## Source material:
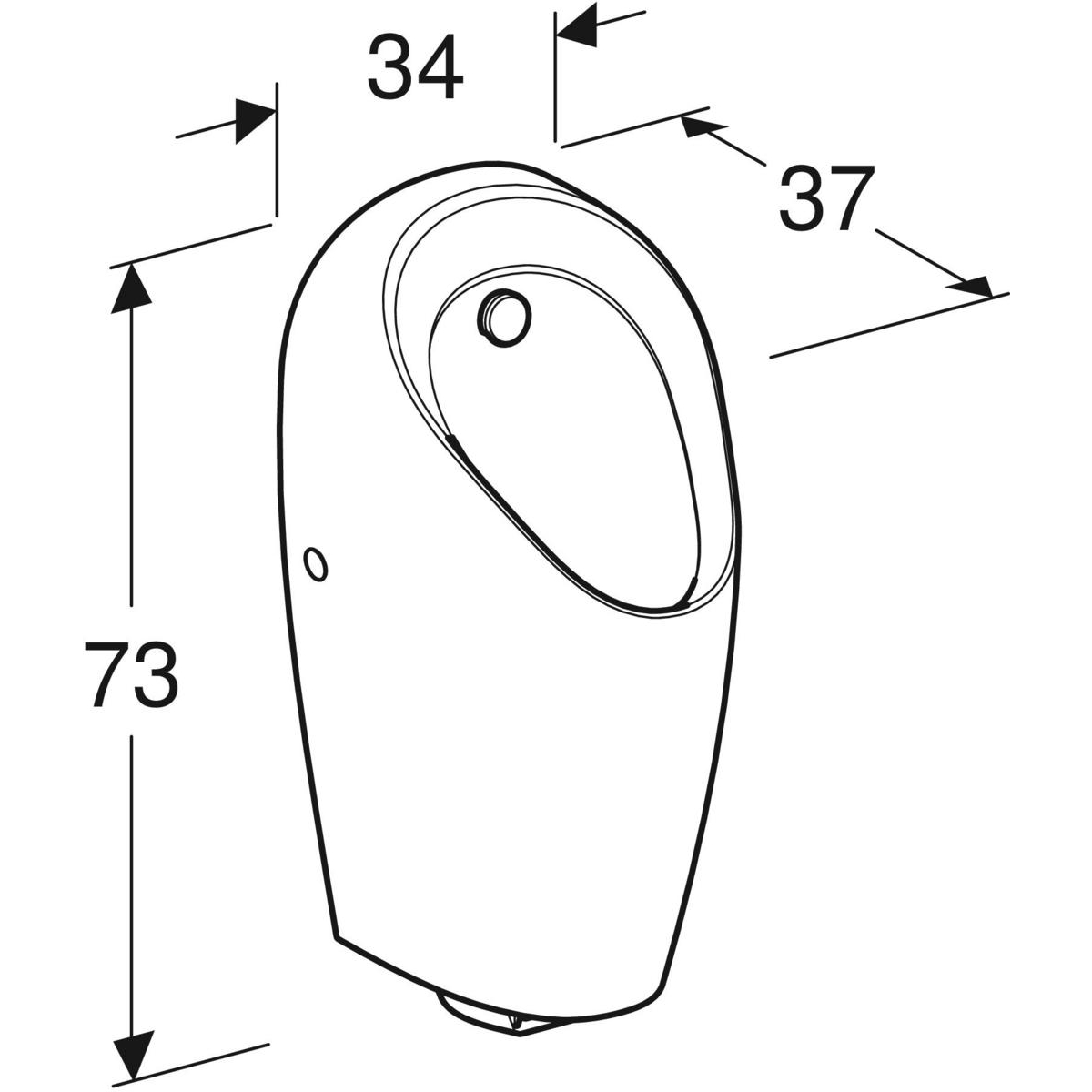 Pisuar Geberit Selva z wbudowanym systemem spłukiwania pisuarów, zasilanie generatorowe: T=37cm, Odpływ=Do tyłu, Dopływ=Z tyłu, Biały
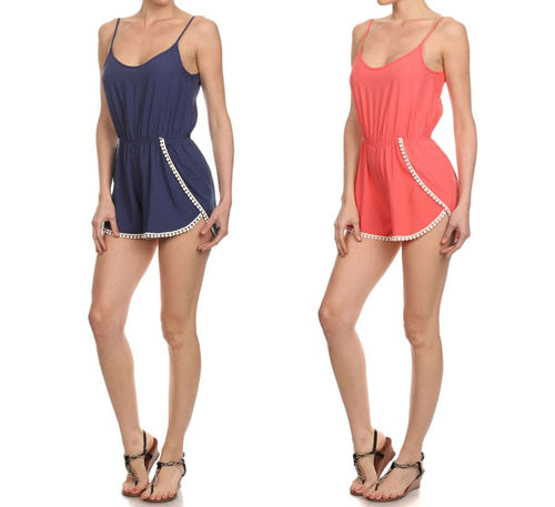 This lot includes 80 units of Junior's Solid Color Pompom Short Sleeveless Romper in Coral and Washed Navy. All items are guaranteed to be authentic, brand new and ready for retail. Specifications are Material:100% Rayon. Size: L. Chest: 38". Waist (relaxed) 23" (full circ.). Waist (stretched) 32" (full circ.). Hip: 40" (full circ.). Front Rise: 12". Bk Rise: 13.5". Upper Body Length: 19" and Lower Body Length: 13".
--
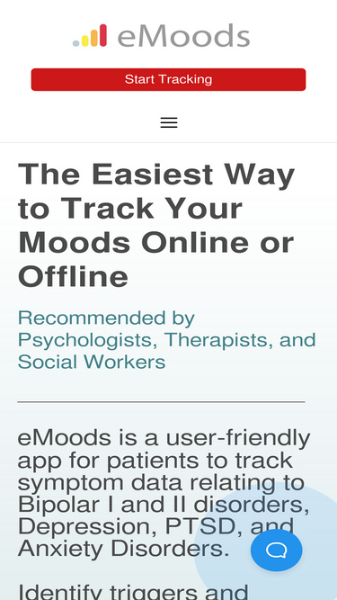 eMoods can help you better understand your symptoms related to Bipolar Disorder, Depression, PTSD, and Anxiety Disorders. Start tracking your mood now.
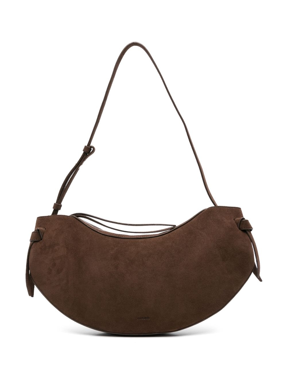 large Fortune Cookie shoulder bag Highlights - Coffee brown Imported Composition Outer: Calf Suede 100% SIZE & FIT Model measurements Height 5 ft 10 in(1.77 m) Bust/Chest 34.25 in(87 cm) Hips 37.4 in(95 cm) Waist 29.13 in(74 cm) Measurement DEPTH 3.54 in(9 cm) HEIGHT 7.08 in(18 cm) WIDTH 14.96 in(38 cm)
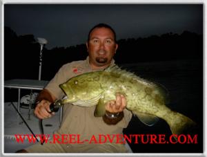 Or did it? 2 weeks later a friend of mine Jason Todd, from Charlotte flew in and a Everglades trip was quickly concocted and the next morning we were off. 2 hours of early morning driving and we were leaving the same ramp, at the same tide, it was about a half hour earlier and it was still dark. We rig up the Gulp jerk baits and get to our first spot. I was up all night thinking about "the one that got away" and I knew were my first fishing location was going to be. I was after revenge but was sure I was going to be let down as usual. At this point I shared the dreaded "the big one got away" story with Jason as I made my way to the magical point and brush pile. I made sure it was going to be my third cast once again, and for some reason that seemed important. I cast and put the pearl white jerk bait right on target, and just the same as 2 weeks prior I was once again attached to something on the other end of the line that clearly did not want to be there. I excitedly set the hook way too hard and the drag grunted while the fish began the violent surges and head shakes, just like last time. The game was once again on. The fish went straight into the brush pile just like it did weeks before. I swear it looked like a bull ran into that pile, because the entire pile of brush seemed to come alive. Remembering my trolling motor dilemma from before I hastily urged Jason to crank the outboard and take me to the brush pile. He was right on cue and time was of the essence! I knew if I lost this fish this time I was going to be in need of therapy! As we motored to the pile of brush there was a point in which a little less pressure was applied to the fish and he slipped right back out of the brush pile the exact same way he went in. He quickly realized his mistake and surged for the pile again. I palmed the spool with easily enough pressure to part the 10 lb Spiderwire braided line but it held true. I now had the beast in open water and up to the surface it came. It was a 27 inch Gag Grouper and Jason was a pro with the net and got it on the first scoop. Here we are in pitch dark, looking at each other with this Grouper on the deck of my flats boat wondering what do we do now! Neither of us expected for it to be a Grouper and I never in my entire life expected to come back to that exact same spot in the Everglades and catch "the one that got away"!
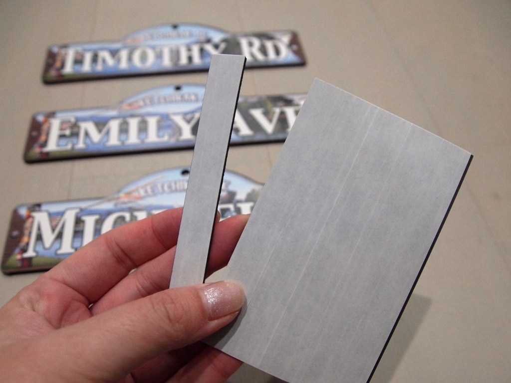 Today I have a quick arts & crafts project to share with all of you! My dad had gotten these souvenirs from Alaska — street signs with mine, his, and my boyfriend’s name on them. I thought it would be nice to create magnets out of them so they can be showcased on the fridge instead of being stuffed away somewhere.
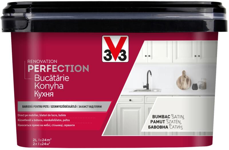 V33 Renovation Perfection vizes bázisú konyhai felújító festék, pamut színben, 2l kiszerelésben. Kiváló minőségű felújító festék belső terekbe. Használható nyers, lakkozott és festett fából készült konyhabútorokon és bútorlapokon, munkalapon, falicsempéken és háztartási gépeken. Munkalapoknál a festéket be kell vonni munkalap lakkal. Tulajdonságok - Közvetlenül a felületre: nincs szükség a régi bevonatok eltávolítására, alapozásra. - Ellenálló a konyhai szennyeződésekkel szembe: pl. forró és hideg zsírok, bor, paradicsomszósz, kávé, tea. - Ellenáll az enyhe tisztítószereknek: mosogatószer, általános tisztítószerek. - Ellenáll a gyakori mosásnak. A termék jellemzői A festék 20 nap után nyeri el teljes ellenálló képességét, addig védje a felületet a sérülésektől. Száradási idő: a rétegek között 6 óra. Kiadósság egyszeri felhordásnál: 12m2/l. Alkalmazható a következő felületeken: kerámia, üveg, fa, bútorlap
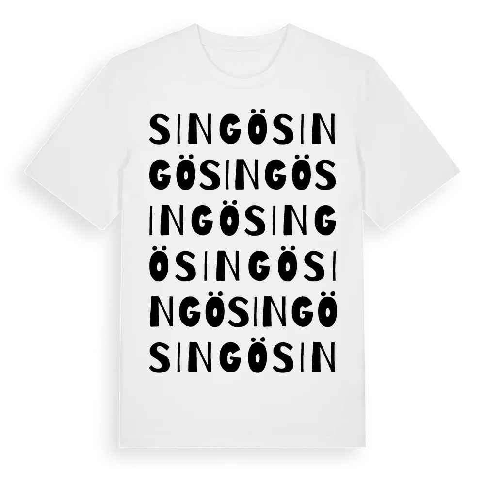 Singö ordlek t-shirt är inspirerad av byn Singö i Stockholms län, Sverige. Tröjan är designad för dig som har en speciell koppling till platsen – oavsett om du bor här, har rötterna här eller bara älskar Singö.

## What is expected:
When copying from the data above, print only the lines from the line containing "Pisuar Geberit Selva" to the line containing "This lot includes", exactly, and leave the pictures out.

## Exercise response:
 Pisuar Geberit Selva z wbudowanym systemem spłukiwania pisuarów, zasilanie generatorowe: T=37cm, Odpływ=Do tyłu, Dopływ=Z tyłu, Biały
 This lot includes 80 units of Junior's Solid Color Pompom Short Sleeveless Romper in Coral and Washed Navy. All items are guaranteed to be authentic, brand new and ready for retail. Specifications are Material:100% Rayon. Size: L. Chest: 38". Waist (relaxed) 23" (full circ.). Waist (stretched) 32" (full circ.). Hip: 40" (full circ.). Front Rise: 12". Bk Rise: 13.5". Upper Body Length: 19" and Lower Body Length: 13".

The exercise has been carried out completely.